Oct 10 2018
Washington—Senator Dianne Feinstein (D-Calif.) released the following statement after the Senate passed the America’s Water Infrastructure Act, a bipartisan bill to improve the nation’s water infrastructure:
“Investing in our nation’s water infrastructure is vital to California. In addition to reauthorizing existing programs, this bill authorizes construction of 12 new water resource development projects nationwide to help provide communities with clean, safe drinking water.
“I’m pleased it includes my provision that moves us closer to creating a new loan program for water storage, water recycling, groundwater recharge and other water supply projects. Similar to other successful programs, this would allow local water agencies to secure low-cost Treasury loans that could reduce the costs for water projects by as much as 25 percent.
“As our climate continues to change, it’s important that we prepare for more severe droughts and increased flooding. This bill invests in a number of projects that will help California prepare for that future while providing us with access to more water now, and I’m proud to support it.”
The America’s Water Infrastructure Act:
- Requires the EPA and Bureau of Reclamation to submit a proposal on how they would jointly administer a new low-cost loan program for storage, water recycling, groundwater recharge and other water supply projects.
- Authorizes $4.4 billion to provide federal loans to states and utilities to improve drinking water infrastructure and wastewater and stormwater management.
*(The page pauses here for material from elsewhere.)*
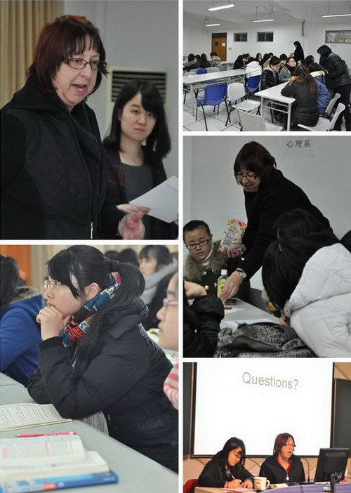 | 2012年12月28日、29日和2013年1月3日、4日,美国加州斯托克顿市新日幼儿园(New Day Preschool)学前教师Elizabeth Trevino女士和斯托克顿市联合校区(Stockton Unified School District)小学教师Cynthia Tejada女士莅临我院,通过举办讲座、开设示范课等形式进行学术交流。学院学前教育和小学教育专业的学生参加讲座和示范课,教育系全体老师及学院参加太平洋大学教育博士班项目的老师参加交流。 | ||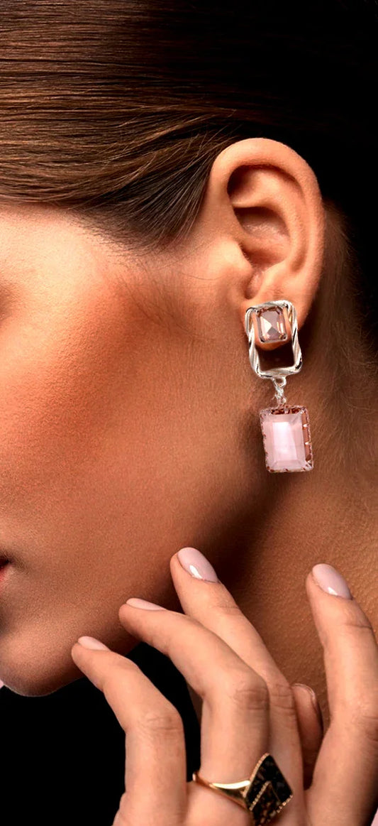 गहरे गुलाबी पत्थरों के साथ रॉयल मिडनाइट झुमका

- Authorizes construction of the Lower San Joaquin River project, which provides critical flood control to the Stockton metropolitan area.
- Doubles federal funding for the Harbor South Bay water recycling project, authorizing up to $70 million in federal funds.
- Authorizes a study for flood risk management, navigation, and ecosystem restoration project in the San Diego River.
- Directs the Army Corps to expedite flood risk management, water conservation and ecosystem restoration studies at the Coyote Valley Dam, Lower Cache Creek, Lower San Joaquin River, South San Francisco, Tijuana River, Westminster-East Garden Grove and San Luis Rey River.
- Increases funding for dam rehabilitation program for structures built before 1940 to prevent another disaster like the Oroville Dam.
- Reauthorizes and expands the Drinking Water State Revolving Loan Fund to address aging or damaged drinking water infrastructure in communities across the country.